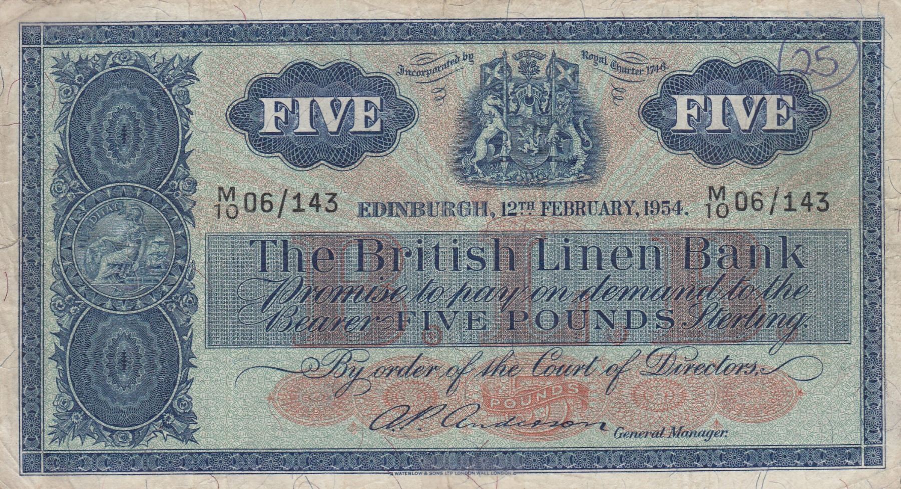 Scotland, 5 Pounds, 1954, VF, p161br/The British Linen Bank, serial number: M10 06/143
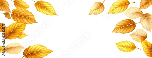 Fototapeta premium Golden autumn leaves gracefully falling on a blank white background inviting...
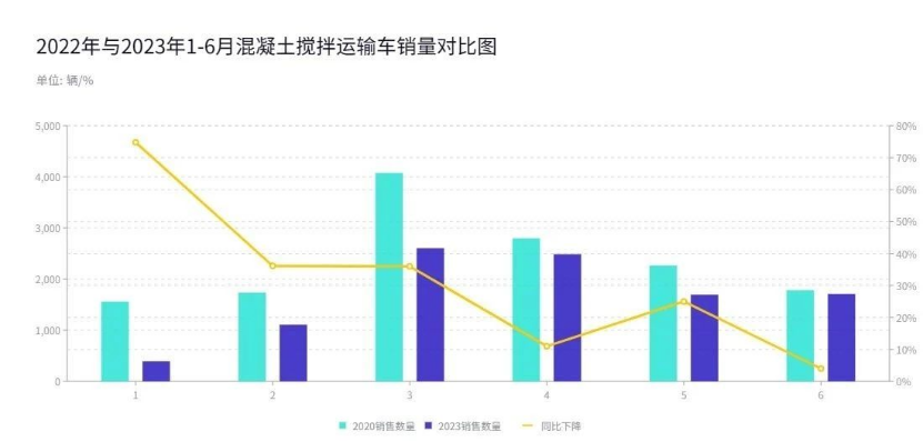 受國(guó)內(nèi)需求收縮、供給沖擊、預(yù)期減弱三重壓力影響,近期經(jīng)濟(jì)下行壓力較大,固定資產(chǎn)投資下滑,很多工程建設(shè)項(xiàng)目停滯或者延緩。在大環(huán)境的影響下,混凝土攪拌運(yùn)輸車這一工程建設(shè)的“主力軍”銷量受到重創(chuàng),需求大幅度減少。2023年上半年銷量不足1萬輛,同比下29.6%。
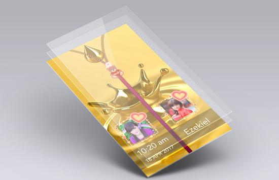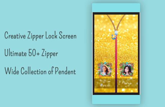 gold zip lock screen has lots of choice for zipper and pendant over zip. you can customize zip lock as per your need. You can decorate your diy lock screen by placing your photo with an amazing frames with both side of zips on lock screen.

§ **Exercise instructions**: Everything in the data above should be set down again exactly, except the pictures.

§ **Result of this task**:
 Scotland, 5 Pounds, 1954, VF, p161br/The British Linen Bank, serial number: M10 06/143
 Fototapeta premium Golden autumn leaves gracefully falling on a blank white background inviting...
 受國(guó)內(nèi)需求收縮、供給沖擊、預(yù)期減弱三重壓力影響,近期經(jīng)濟(jì)下行壓力較大,固定資產(chǎn)投資下滑,很多工程建設(shè)項(xiàng)目停滯或者延緩。在大環(huán)境的影響下,混凝土攪拌運(yùn)輸車這一工程建設(shè)的“主力軍”銷量受到重創(chuàng),需求大幅度減少。2023年上半年銷量不足1萬輛,同比下29.6%。
 gold zip lock screen has lots of choice for zipper and pendant over zip. you can customize zip lock as per your need. You can decorate your diy lock screen by placing your photo with an amazing frames with both side of zips on lock screen.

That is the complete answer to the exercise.